A non linear model can be transformed into linear model as (the formula)
Answers
You don't transform the model. You transform the data, in order to fit a linear model.
Note that the term "linear model" is ambigious. It actually means a model that is linear in the coefficients that are to be estimated. It has the general form
y = b0 + b1*f1(x1,x2,...) + b2*f2(x1,x2,...) + b3*f3(x1,x2,...) +...
where the xi are predictor variables, fi are arbitrary functions (it can be the identity function, so that f(x)=x), and bi are the coefficients. The model is linear because none of the coefficients is inside some function.

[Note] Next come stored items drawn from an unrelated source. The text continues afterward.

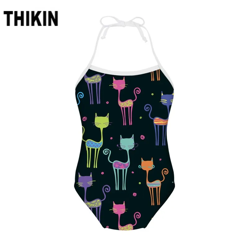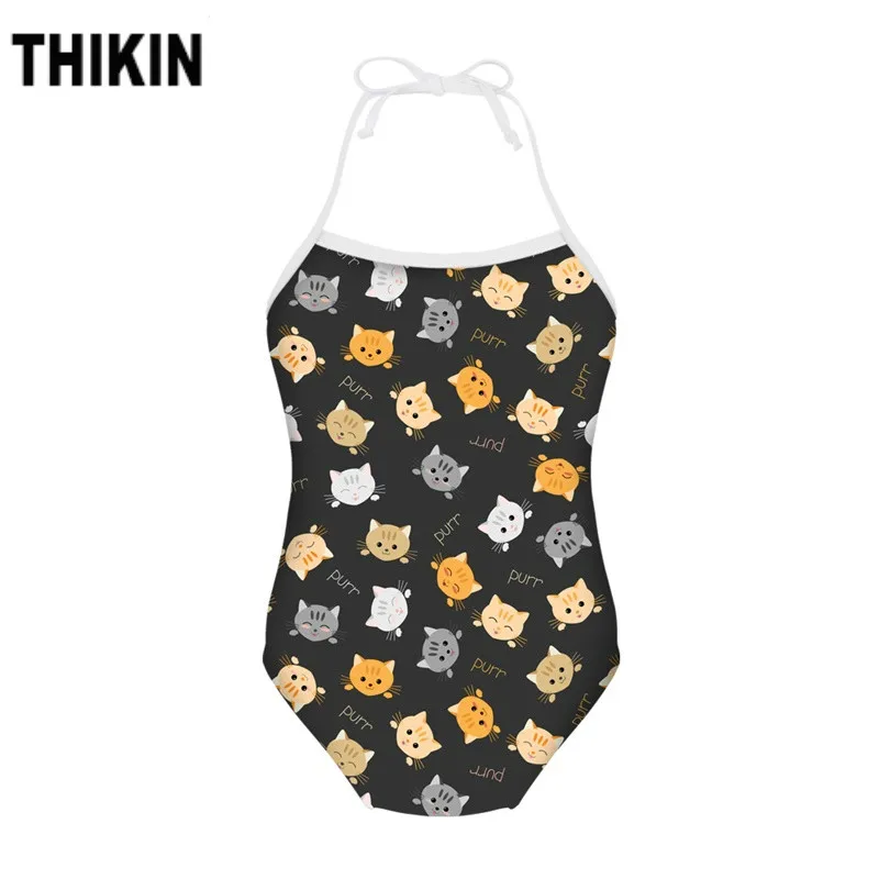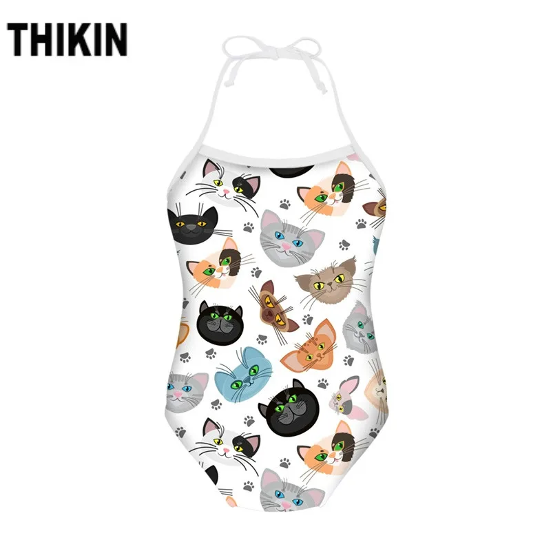 THIKIN Cute Cat 3D Printing Kawaii Kids Swimwear Summer Bathing Suit Flexible Bodywear Halter Beach
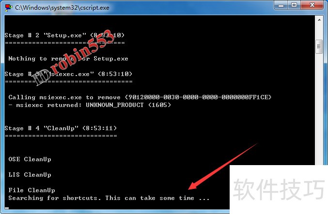 5、 接下来会弹出一个命令对话框,这里软件会自动进行Office软件的删除,可能需要几分钟的时间。
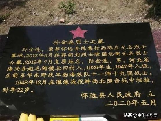 当天,两位烈士的亲属分别从黄骅、北京、承德等地来到了蚌西北阻击战烈士陵园,一起见证这一肃穆时刻。记者在安徽方面提供的现场图集上看到,新立的碑上刻着烈士的姓名、祖籍、生前部队番号、牺牲时间以及牺牲经过等,碑上最后标着“怀远县人民政府立2020年5月”。“我们能有今天的和平幸福生活,离不开先烈们抛头颅、洒热血,他们的英雄事迹,将会教育激励更多的人。”孙金连烈士的外甥、现年63岁的杨金池老人对记者说。
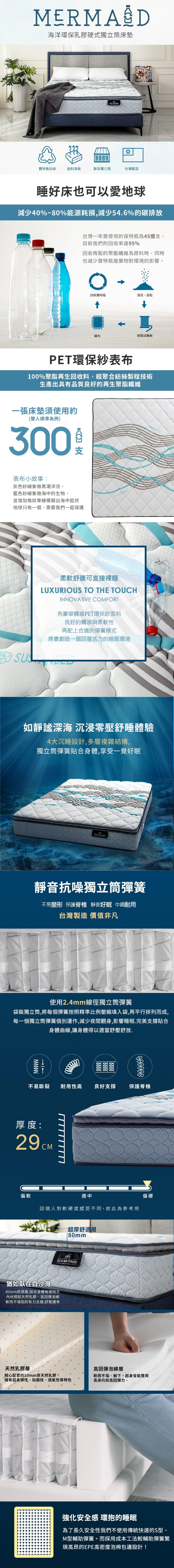 【obis】Mermaid海洋再生環保紗乳膠硬式獨立筒床墊雙特6×7尺
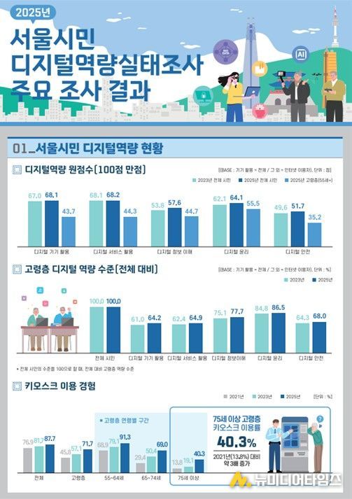 ‘서울시민 디지털역량실태조사’는 시민의 디지털 활용 수준과 인식, 디지털 격차 등을 종합적으로 파악하기 위해 2021년부터 격년으로 실시되고 있으며, 2025년에는 19세 이상 서울시민 5,500명(55세 이상 고령층 2,500명 포함) 대상의 가구 방문 면접조사 방식으로 진행됐다.
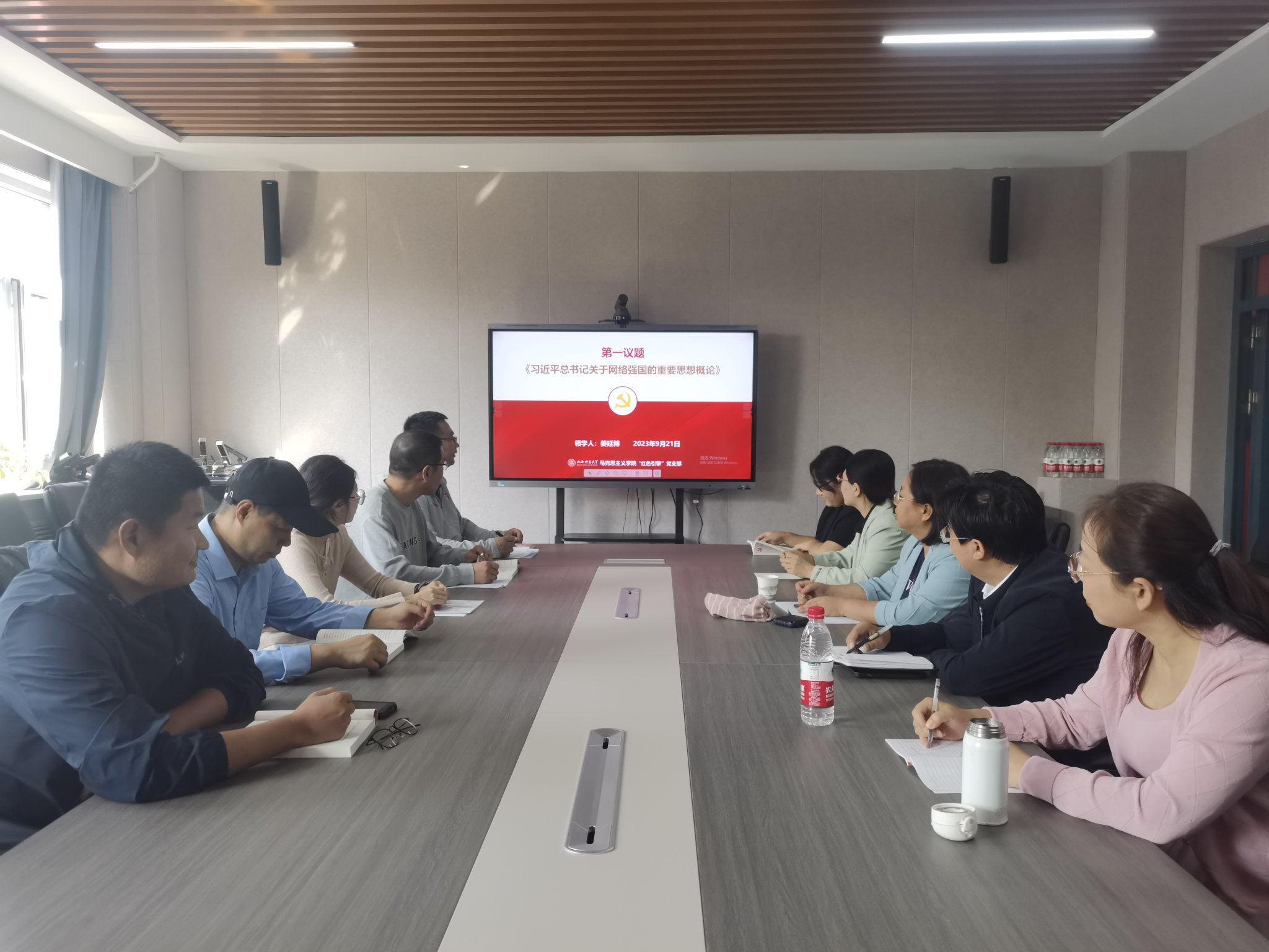 2023年9月21日上午9点30分,“红色引擎”党支部在南区1号楼506会议室召开主题党日活动。此次活动由支部书记姜延博主持,支部全体党员参加。
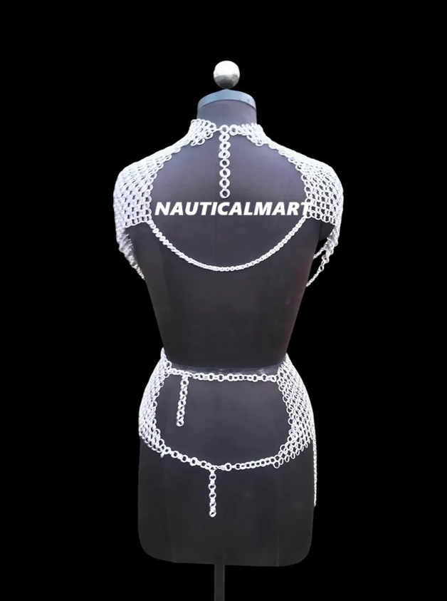 - Fashionable Medieval Handmade Aluminum Chainmail Top and Skirt Set - Medieval Co
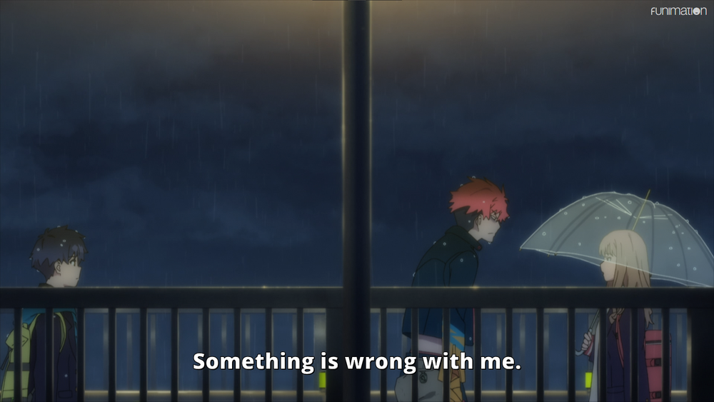 The tower is notable here to me because the city beyond that point is the false city, and the coast of the river/canal it sits upon is as well. They're unfinished locations, places people were never meant to actually go or see in Akane's dream world. But the tower is detailed, with its signs and stairs. A place that Rikka instinctively knew was significant. It was after all at the end of the bus route that Akane and Rikka took to get to school.
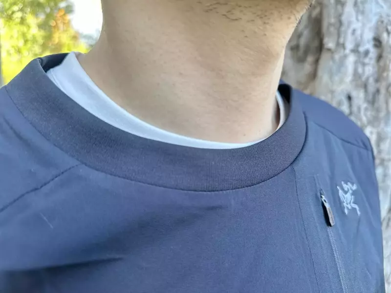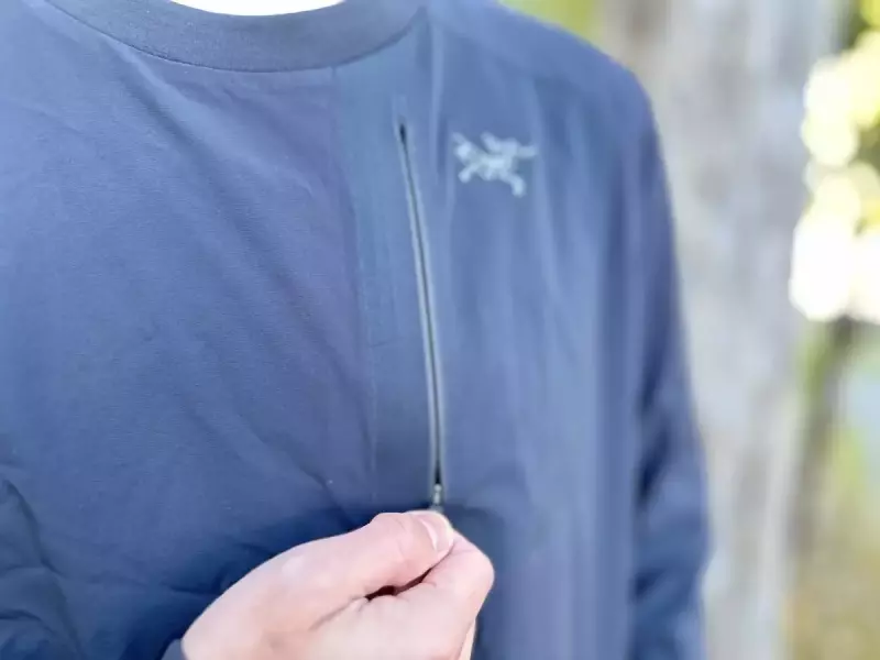 クルーネックプルオーバータイプでトレーナー感覚で普段使いしやすいデザインです。胸元にはジッパー付きのポケットが備わっており、耐久性に優れたストレッチする素材によってスマートフォンなどの大きなガジェットを収納することができます。またポケットはラミネート加工によってゴワつき感が一切なく、スマートなデザインに仕上げています。
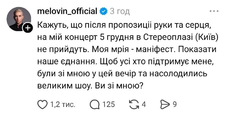 «Кажуть, що після пропозиції руки та серця, на мій концерт 5 грудня в Стереоплазі (Київ) не прийдуть. Моя мрія – маніфест. Показати наше єднання. Щоб усі, хто підтримує мене, були зі мною у цей вечір та насолодилися великим шоу. Ви зі мною?», – написав Бочаров.
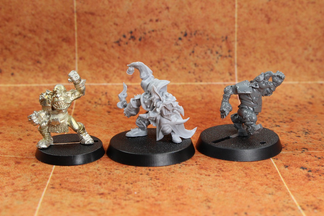 Here is the Black Gobbo next to a new plastic “6th edition” Goblin and a 3rd edition Goblin. The height of all three Goblins is about the same when their poses are taken into consideration. One thing that I thought was interesting, though, was that the Black Gobbo’s head was actually noticeably larger than the new plastic Goblin. Almost all of the new Blood Bowl minis being released are a bit closer to “realistic scale” than the classic “heroic scale.” That means their hands and particularly their heads are smaller and more realistically proportioned than older minis. The Black Gobbo mini seems to be a reversal of that trend as his head seems much closer to the 3rd edition scale than it is to any of the other newer minis coming from Games Workshop. I do not really think that this is a good or a bad thing, just an interesting thing that I noticed…
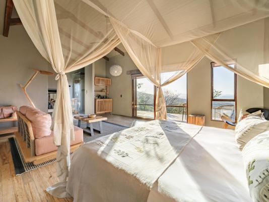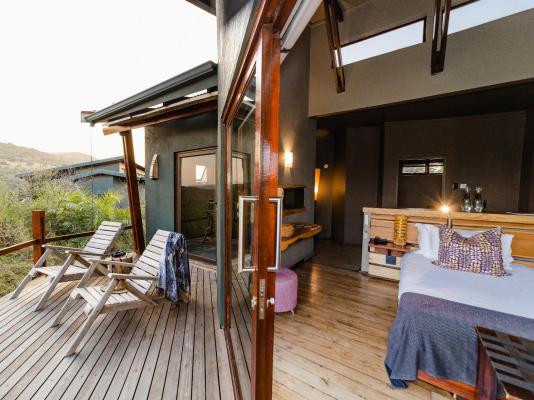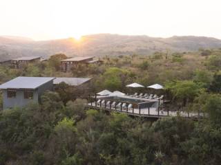 Rhino Ridge Safari Lodge is a private/community owned lodge in Hluhluwe iMfolozi Park commands spectacular views over 96 000 hectares of Big 5 territory and an active waterhole. A sense of peace & relaxation is exuded by the chic eclectic design of the lodge. A maximum of 36 guests are accommodated in either Honeymoon Bush Villas with private plunge pools, Luxury Bush Villas with lounge area, fireplace & private decks or Safari Rooms (ideal for families with young children). Twice daily game drives are conducted in the park home of White Rhino Conservation. Guided Bush Walks are highly recommended.
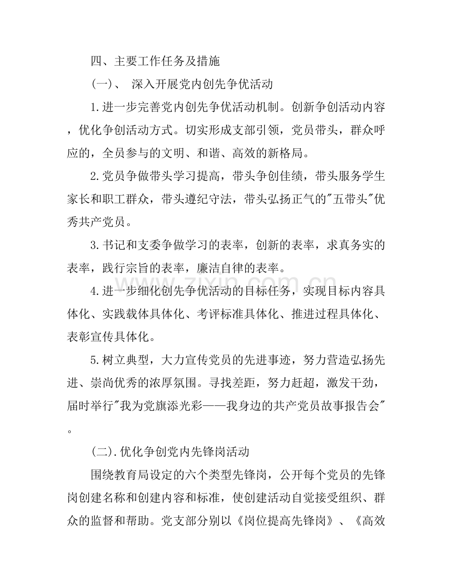 以XX党委工作纲要为指导,继续贯彻党委全年八项工作任务,结合学校教育教学工作实际,深入开展党内创先争优、基层组织建设年、学习型党组织、五型班子创建、党风廉政建设、服务民生等工作,充分发挥支部战斗堡垒和党员模范作用,发挥共、青、妇组织优势,关心职工、促进和谐,为保证各项工作任务优质完成,提供有力的思想支撑和组织保障,以优异成绩向党的十八大献礼。
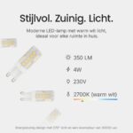 De LED line LITE LED Insteeklamp G9 is ontworpen met energie-efficiëntie in gedachten. Met een verbruik van slechts 4W bespaart deze lamp aanzienlijk op energiekosten in vergelijking met traditionele 30W lampen.
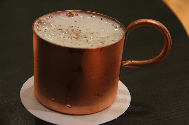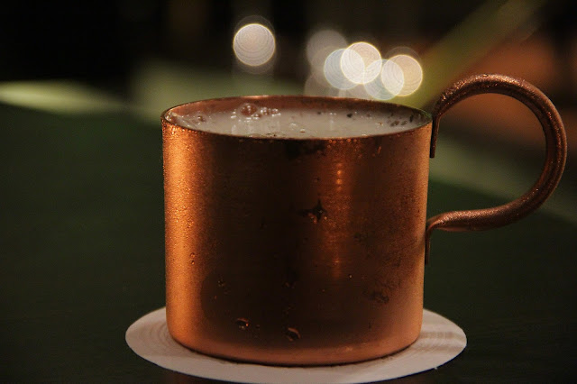Depois fui para um clássico que amo muito muito muito muuuuito!! A famosa Moscow Mule. Tenho um ranking secreto dessas belezinhas que ainda não divulguei, mas essa, com certeza, estaria bem rankeada na lista. Clássico, que eles deram ser toque colocando um pouco de pimenta em cima da espuma de gengibre. Não se assuste. A combinação funcionou.
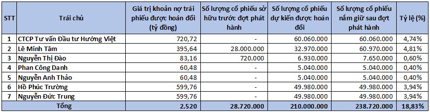Tổng giá trị các khoản nợ được hoán đổi là 2.520 tỷ đồng, với tỷ lệ hoán đổi ở mức 12.000:1 – tức 12.000 đồng nợ trái phiếu sẽ được quyền hoán đổi thành 1 cổ phiếu mới. Số cổ phiếu này sẽ bị hạn chế chuyển nhượng trong vòng 1 năm. Thời gian thực hiện dự kiến trong năm 2025.
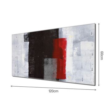 Material: 4mm Sicherheitsglas mit Metallrückwand Eigenschaften: beschreibbar, magnetisch, kratzfest Maße: 120x60x0,6cm, 10,80kg schwer Motiv Nummer 11556 Abstrakt Rot Zubehör: inklusive 4 Neodym-Magnete
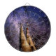 Este diseño presenta una hermosa imagen de dos grandes árboles que suben al cielo, rodeados por otros árboles en un bosque. La escena se organiza por la noche, cuando todo parece particularmente mágico y encantador. Hay una bandada de pájaros volando. El cielo está formado por una bonita mezcla de morado y azul, salpicado de brillantes estrellas blancas.
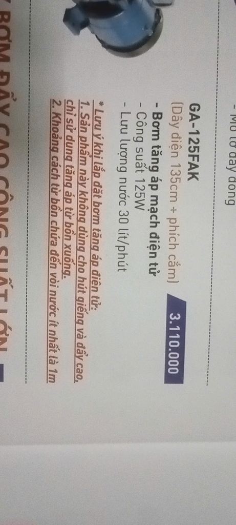 ⛔ Nếu vòi nước cao hơn bồn nước hoặc không thấp hơn bồn 1m (tức là lắp máy bơm để đẩy cao) => máy không hoạt động.
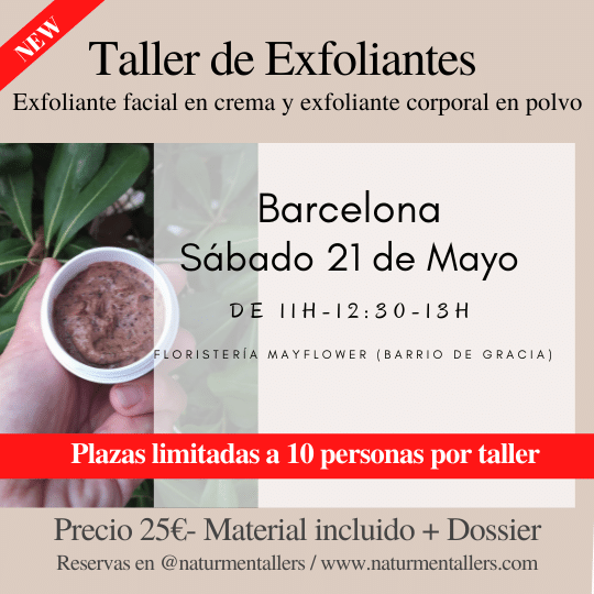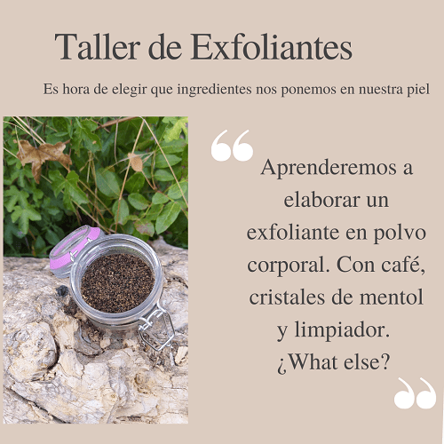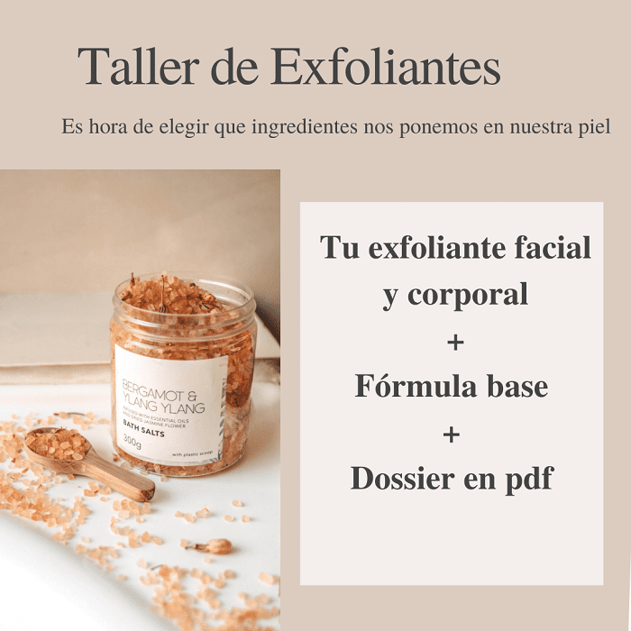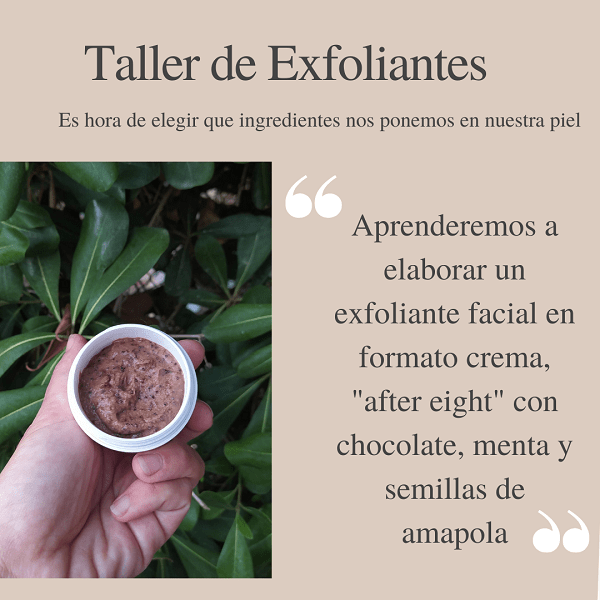 Es un taller creativo y práctico, con una parte de teoría, donde se explica que tipos de activos e ingredientes podemos emplear para la elaboración de exfoliantes mecánicos y ponemos en práctica dos formatos distintos.

So y = b0 + b1 * sin(x) does surely not describe a linear relationship between x and y but it is linear in the coefficients (b0 and b1). In contrast, y = b0 + sin(b1*x) is not a linear model, because it is not linear in b1.
To fit a model (i.e. to find the values of the coefficients) we need some assumption about the probability distribution of y (conditional on the values of bi). Then we can identify those values of the coefficients that will maximize the likelihood of the observed data. The math to do this can be pretty well simplified when the assumed conditional probability model is described by the normal distribution. In this case there exists efficient algorithms that will find the unique solution.
If the probability model is different, the solution might not be simple to find and it might not be unique. However, as long as the unknown coefficient are still al linear in the model, quite efficent algorithms exist to arrive at a good solution. In ancient times, where computers were rare, such problems could not be solved. It was therefore required to assume a conditional normal probability distribution for y to fit the model at all. This assumption might be unreasonable for a given response variable, but not so for an appropriately transformed one. The fitting of the model to the transformed data could therefore be done with the far less calculation-intensive procedures.
The "problm" with this approach is that a transformation of the response changes the meaning of the coefficients. Usually, the values of the coefficients are not really interpretable when using a transformed response. That can be a high price to pay. The log-transformation is one nice exception. It turns the additive effects of the coefficients in the model into multiplicative effects on the response, and the coefficients remain interpretable...
It is sometimes better not to transform the response values but to make the model fit a transformed expectation (mean) instead. This can be achieved by a link function used by generalized linear models that also allow to specify a particular variance structure and a probability model of the response.
Hope it helps